It's a good question. To give the consultant's answer - it depends - but in most cases, I do not think it is particularly helpful.

No doubt you would have seen and perhaps written a test beginning with 'should':

it('should show placeholder text when user has not entered text', ...);

The use of should is a gripe for me, because every time I see it, my mind thinks "well, when should it not do that!". Nearly every time I question this during a review, eyebrows are raised. Am I being pedantic, petty, or just making sure that I have full a understanding of what I'm being asked to review? In most cases, the ambiguity was completely in my head. The code under test is always required to produce the behaviour that's being tested, under those conditions. But the use of 'should' made me doubt it.

What does the RFC 2119 definition of SHOULD have to say on the manner?:

This word, or the adjective "RECOMMENDED", mean that there may exist valid reasons in particular circumstances to ignore a particular item, but the full implications must be understood and carefully weighed before choosing a different course.

The same document additionally defines MUST, so perhaps that is a suitable replacement?

This word, or the terms "REQUIRED" or "SHALL", mean that the definition is an absolute requirement of the specification.

Well, it could work, as could SHALL. But can we do better? What's the impact if we remove should altogether?

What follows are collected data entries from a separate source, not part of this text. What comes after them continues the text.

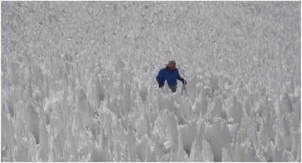 وهي شائعة الحدوث في جبال الإنديز الجافة، على ارتفاع شاهق يصل إلى 4000 متر، وتختلف تلك التشكيلات في حجمها، إذ يتراوح طولها ما بين بضعة سنتيمترات، إلى خمسة أمتار.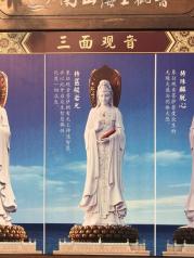 南山海上观音是南山文化旅游区的一个 主要景点,在南海叠立着一尊三面观世音圣像。从各个角度都能见到观世音。从底座乘电梯上四楼再走三层就到达南海观世音脚下,抱抱佛脚,祈求平安。在这个平台还可以观赏四周景色。这里是很值得去的地方。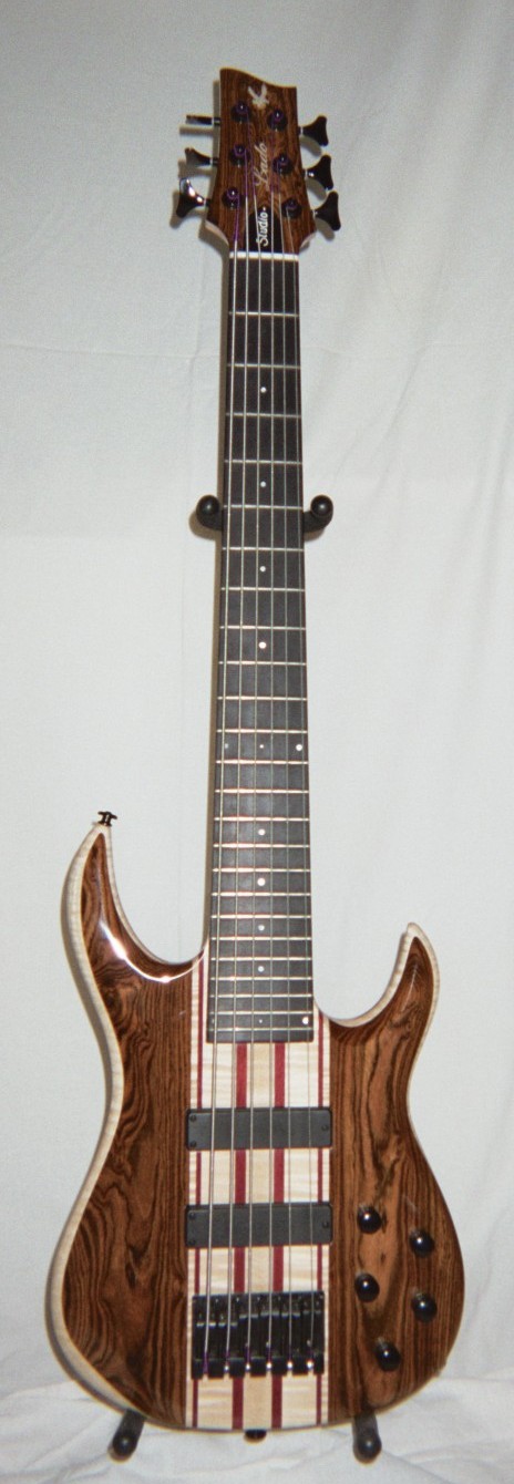 Bocate top, Purpleheart back, Flame Maple body and neck with Purpleheart laminates, Ebony fingerboard.  Bartolini pickups, controls: Vol, Pan, Bass, Mid, Treble.

The first thing that happens is we need to change from a passive, to an active tone of voice:

it('shows placeholder text when user has not entered text', ...);

Not only have we saved characters, we've removed the ambiguity behind the test case. If the test fails, we know exactly why it's failing - the placeholder text failed to be rendered.

The convention of the 'should' prefix seems to originate with behaviour-driven-development, a notion I am a big fan of. In the past I've blogged about structuring tests, such that they align with the behaviour of what's being tested. Tests communicate and demonstrate the intent of the code. Aim for tests to be unambiguous.

Too often I've seen hand-wringy, passive tests that are tightly-coupled to the particular implementation that they're meant to be testing. It's important to avoid that, else your tests end up testing that the code does what the code does, not what it is actually doing. You can break this trap by dropping 'should' from your test names. It forces you to write tests from the user's perspective. That's what truly matters here.

Plus the extra characters you save - I love me some horizontal space.